我有分类数据,我正在尝试使用可用的GitHub包实现k模式。我正试图在我的(大型)数据集中创建集群,比如5-7个记录,每一个都是最相似的记录。
然而,到目前为止,我没有办法选择最优的'k‘,这将导致最大的轮廓得分,理想情况下。这将是理想的k模工作在不同/相似度量作为一个距离。因此,我假设剪影距离将根据这个不同定义的距离度量集群的距离,从而建立剪影评分。我找不到这方面的实现。
我可以用肘法吗?但是,如果不看图,我就无法理解如何以编程的方式确定这个过程,因为我必须多次重复这个过程。目前,一个想法是-寻找成本大幅下降的k。看看接下来的几个值是否降低了成本。如果是,选择这个作为k,如果不是..。然后呢?我在这一点上有点困惑。
我在网上查看,还发现了这,我无法用k模式来解释它。我正在寻找任何代码/建议,让我走上正确的道路。
发布于 2019-03-16 00:42:16
与其尝试找到一个下载源代码的地方,不如自己实现,例如,剪影。
你在博客和回复中找到的大量代码都被破坏了。
我见过很多github存储库都有错误的代码,像您这样的人都想知道为什么它不能工作。依靠匿名的别人不犯错误是个坏主意。在某种程度上,您最好自己编写代码!
当然,依赖大型开源项目(如sklearn、R、ELKI、Weka )是可以的。它们有代码评审,讨论拉请求,几十个人查看代码,使用它,试图查找和修复错误(但即使在代码中也有错误)。
发布于 2019-03-18 12:15:36
def matching_disimilarity(a, b):
return np.sum(a != b, axis=1)
silhouette_dict = dict()
cluster_labels = [...]
distinct_cluster_label_predictions = unique cluster_labels
for i in m_array:
other_records_in_cluster = m_array_(with cluster_prediction == cluster_prediction of i) - i
other_records_outside_cluster = m_array_(with cluster_prediction != cluster_prediction of i)

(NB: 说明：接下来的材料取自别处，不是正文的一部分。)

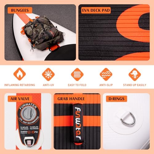 【Extra Wide Stable Design】Funwater paddleboard is 11′ long, 33″ wide and 6″ thick. It’s weight capacity up to around 360lbs and super-wide design ensures higher stability and flexibility, come complete with premium accessories, suitable for all skill Levels to enjoy themselves, explore, or adventure in water areas.
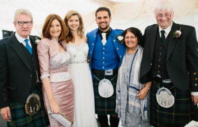 Summer 2014 was Kamran and Louisa Macleod’s wedding: Left to Right; Murdo Macleod (Louisa’s father) Jane Cameron Saunders (Louisa’s Mother), Louisa, Kamran, Mina and Ray.
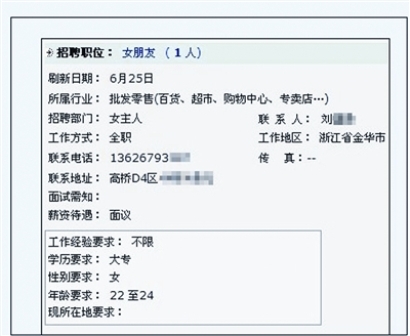 記者注意到,湯云在招聘網(wǎng)上留著的是朋友的名字和自己的號碼,“主要是感覺有點害羞。”湯云說。
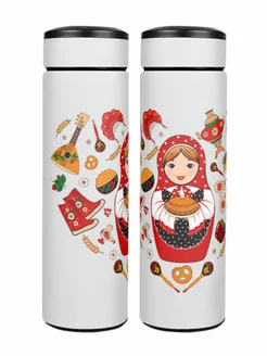 Термос белый для чая вакуумный 0,5 л. с принтом "Матрешка
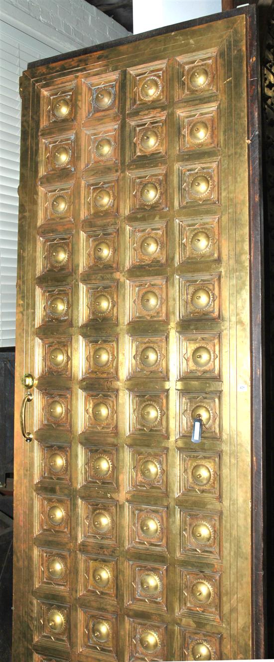 AN IMPRESSIVE PAIR OF INDIAN TEAK IRON AND BRASS DOORSEach door with a central arched panel applied with brass and iron strap work ...

other_records_outside_cluster_labels = cluster labels of record in other_records_outside_cluster
sum_a = 0
sum_b = 0
sum_cluster_dist = dict()
avg_cluster_dist = dict()
for c in distinct_cluster_label_predictions:
sum_cluster_dist[c] = 0
# finding a(i) - for each observation i, calculate the average dissimilarity ai between i and all other
# points of the cluster to which i belongs.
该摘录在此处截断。